Gene expression patterns and catalytic properties of UDP-D-glucose 4-epimerases from barley (Hordeum vulgare L.)

Abstract

UGE (UDP-Glc 4-epimerase or UDP-Gal 4-epimerase; EC 5.1.3.2) catalyses the interconversion of UDP-Gal and UDP-Glc. Both nucleotide sugars act as activated sugar donors for the biosynthesis of cell wall polysaccharides such as cellulose, xyloglucans, (1,3;1,4)-beta-D-glucan and pectins, together with other biologically significant compounds including glycoproteins and glycolipids. Three members of the HvUGE (barley UGE) gene family, designated HvUGE1, HvUGE2 and HvUGE3, have been characterized. Q-PCR (quantitative real-time PCR) showed that HvUGE1 mRNA was most abundant in leaf tips and mature roots, but its expression levels were relatively low in basal leaves and root tips. The HvUGE2 gene was transcribed at significant levels in all organs examined, while HvUGE3 mRNA levels were very low in all the organs. Heterologous expression of a near full-length cDNA confirmed that HvUGE1 encodes a functional UGE. A non-covalently bound NAD+ was released from the enzyme after denaturing with aqueous ethanol and was identified by its spectrophotometric properties and by electrospray ionization MS. The K(m) values were 40 microM for UDP-Gal and 55 muM for UDP-Glc. HvUGE also catalyses the interconversion of UDP-GalNAc and UDP-GlcNAc, although it is not known if this has any biological significance. A three-dimensional model of the HvUGE revealed that its overall structural fold is highly conserved compared with the human UGE and provides a structural rationale for its ability to bind UDP-GlcNAc.

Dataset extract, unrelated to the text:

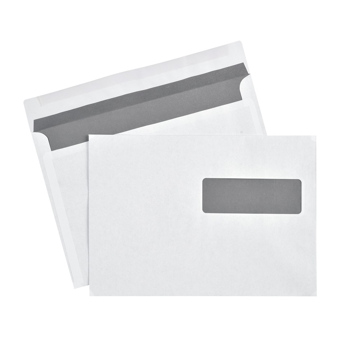 Vita konsumentpackade, fukthäftande kuvert med fönster.

Figure 1. Alignment of amino acid sequences of UGEs

Amino acid sequences of UGEs from barley (HvUGE1, HvUGE2 and HvUGE3), A. thaliana (AtUGE1, Swiss-Prot Data Bank entry Q42605), rice (TIGR locus: Os05g51670) and human (PDB entry 1hzj) were aligned using the GeneDoc program (www.psc.edu/biomed/genedoc). The conserved motifs GXXGXXG (NAD⁺-binding) and catalytic amino acid residues Ser and Tyr-Xaa-Xaa-Xaa-Lys of the active site are underlined.

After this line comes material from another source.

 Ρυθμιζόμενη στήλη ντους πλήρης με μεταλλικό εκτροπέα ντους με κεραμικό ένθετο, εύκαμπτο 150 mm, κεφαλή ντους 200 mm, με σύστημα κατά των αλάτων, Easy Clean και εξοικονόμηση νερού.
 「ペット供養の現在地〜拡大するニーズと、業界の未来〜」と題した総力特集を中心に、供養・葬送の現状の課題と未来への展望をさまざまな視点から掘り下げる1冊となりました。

Figure 2. SDS/PAGE of barley HvUGE1 expressed in E. coli

The barley HvUGE1 cDNA was expressed in E. coli and proteins were separated by SDS/PAGE. Control, cell extracts without addition of IPTG; IPTG, protein expression following induction with 0.5 mM IPTG; Ni-NTA, the purified fraction following Ni-NTA affinity chromatography. Protein molecular mass standards (in kDa) are indicated on the left.

Figure 3. Normalized expression levels of HvUGE genes in different barley organs

Levels of mRNA are presented as the number of copies per μg of total RNA after normalization. Organs were as described by Burton et al. [16] and included leaf tips, leaf bases, root tip and the maturation zone (m/zone) of roots, flowers just before anthesis (FL early), flowers at anthesis (FL anthesis), developing grain 3 and 13 days post-anthesis (Grain early and Grain mid), 3-day-old coleoptiles (Col 3 day) and the stem of mature plants just below the emerging ear (Stem). The results shown are means for four separate evaluations and S.D.s are indicated.

Figure 4. Normalized expression levels of HvUGE genes in young barley leaves, roots and coleoptiles

Barley leaves were sectioned into five segments and roots were cut into four segments as described by Burton et al. [16]. Units and statistical treatments were as described in the legend to Figure 3.

Figure 5. Molecular model of the HvUGE1

(A) Stereo view of the ribbon representation of the HvUGE1 model shows secondary structural elements of the enzyme folded into a mixed α/β protein fold. The R.M.S.D. value between the template structure (PDB entry 1hzj) and the modelled HvUGE1 is 0.951 Å over 343 amino acid residues. The N- and C-termini of the enzyme are shown in the lower and upper parts of the panel respectively. Spheres in atomic colours represent van der Waals radii of bound UDP-GlcNAc and NAD⁺ ligands. (B) Stereo representation of the molecular surface area depicts the active site region with bound NAD⁺ and UDP-GlcNAc. The molecular surface was generated with a probe radius of 1.4 Å. The Figure was prepared with PyMol.